Запашут потом это поле, потеряется сей убогий крестик, и исчезнет в земле бесследно старший унтер Ермаков…
Грустно. Грустно. И ещё раз грустно.
Так ходил я, пока ноги не загудели. Затем обратно в сторону штаба направился. Там и встретил своего бывшего сокурсника, который здесь на фронте с самого начала был.
Лучше бы и не встречал. Настроение от этой встречи у меня лучше не стало.
— Как-то ещё в начале осени с одного часу до пяти дня производил я санитарный осмотр одной бригады нашей пехотной дивизии…
Мой бывший соученик, кивнул мне и опростал стопку.
— Потрясающе, Иван, грустная картина… Дождь не первый день льет, насквозь промокли все палатки, мокры сами наши солдатики, — последовала недолгая пауза. — Площадь стоянки вся загажена… Солдаты по нескольку суток не видят обыкновенного свежего хлеба, да и сухарей зачастую им не хватает, каши тоже вдоволь не едят, сапоги у многих совсем развалились…
Говоривший поёжился. Вспомнил сентябрь, о котором рассказ шёл.

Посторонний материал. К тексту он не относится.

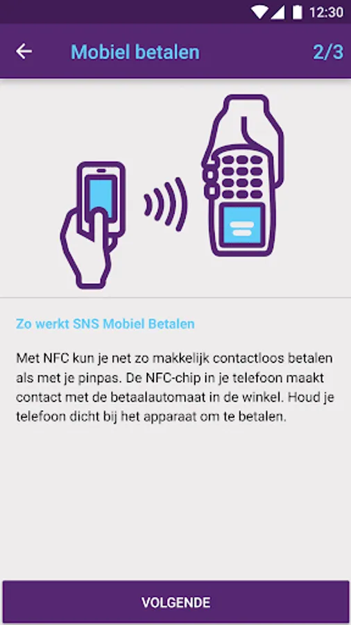 You can make mobile payments if you: have a current account with SNS + a device with the newer versions of the Android operating system with NFC chip + the SNS Mobile Banking app.
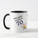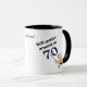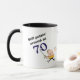 Cette tasse fait un cadeau mignon pour quiconque tourne le gros 70. Il présente votre texte personnalisé en texte stylisé bleu et noir. Actuellement, il dit "Toujours mettre" autour de 70". Un golfeur de bande dessinée prend un coup de fouet à sa balle sous le texte. L'image et le texte sont de chaque côté, avec votre nom ou autre texte personnalisé au milieu. Drôle ! *Cette conception utilise l'image © Graphics Factory.com*

— Чего только много было, то это всяких предписаний и циркуляров для зависящих распоряжений, полных трюизмов и маниловщины, вроде того, что солдаты должны перед пищей тщательно мыть руки, пить только кипяченую воду…
Я разлил.
Выпили без тоста.
— Получена ещё в дивизии была нелепая телеграмма от главнокомандующего, которую могу привести тебе, Ваня, в текстуальной точности: «В видах предупреждения желудочных заболеваний главнокомандующий разрешил по 1 ноября отпуск бутылки красного вина на каждого нижнего чина армии для прибавления к чаю или теплой отварной воде; интендантству приказано ускорить приобретение и отпуск вина; впредь до отпуска вина натурой таковое приобретать покупкою с предъявлением счетов».
Мой бывший сокурсник тяжело вздохнул.
— По бутылке красного вина на каждого нижнего чина армии! Представляешь!!!
Да уж…
Ума палата…
— Типичное немышление в высоком кабинете сидящих людей, не видящих действительность в глаза и в лучшем случае играющих в руку кому-то, который при означенной операции наживет большие гешефты!
Тут говорящий потёр свой большой палец об указательный.
— Действительность же неприкрашенная, Иван, такова, что солдаты наши… буквально голодают, получая даже в счастливые дни не более фунта хлеба, а то все время — на сухарях, да и тех не в полной даче… В один голос несчастные вопиют: «Дайте, в-ство, только хлебушка!» Трагическая картина. Кроме того, солдату недодают чаю и сахару, а также каши. Самое большое — если иногда дадут по одному пиленому куску сахару в день! Солдаты к тому же все оборвались — у многих нет шинелей, сапоги развалились, нет белья, кроме того, которое на теле преет. Все обовшивели, исчесались! Один ужас и ужас…
За такими разговорами надрались мы по самое не могу — завтра ни ему, ни мне не предстояло никуда ехать. Так в штабе сказали.
— при написании именно данной главы использованы воспоминания военного врача Русской императорской армии Василия Кравкова.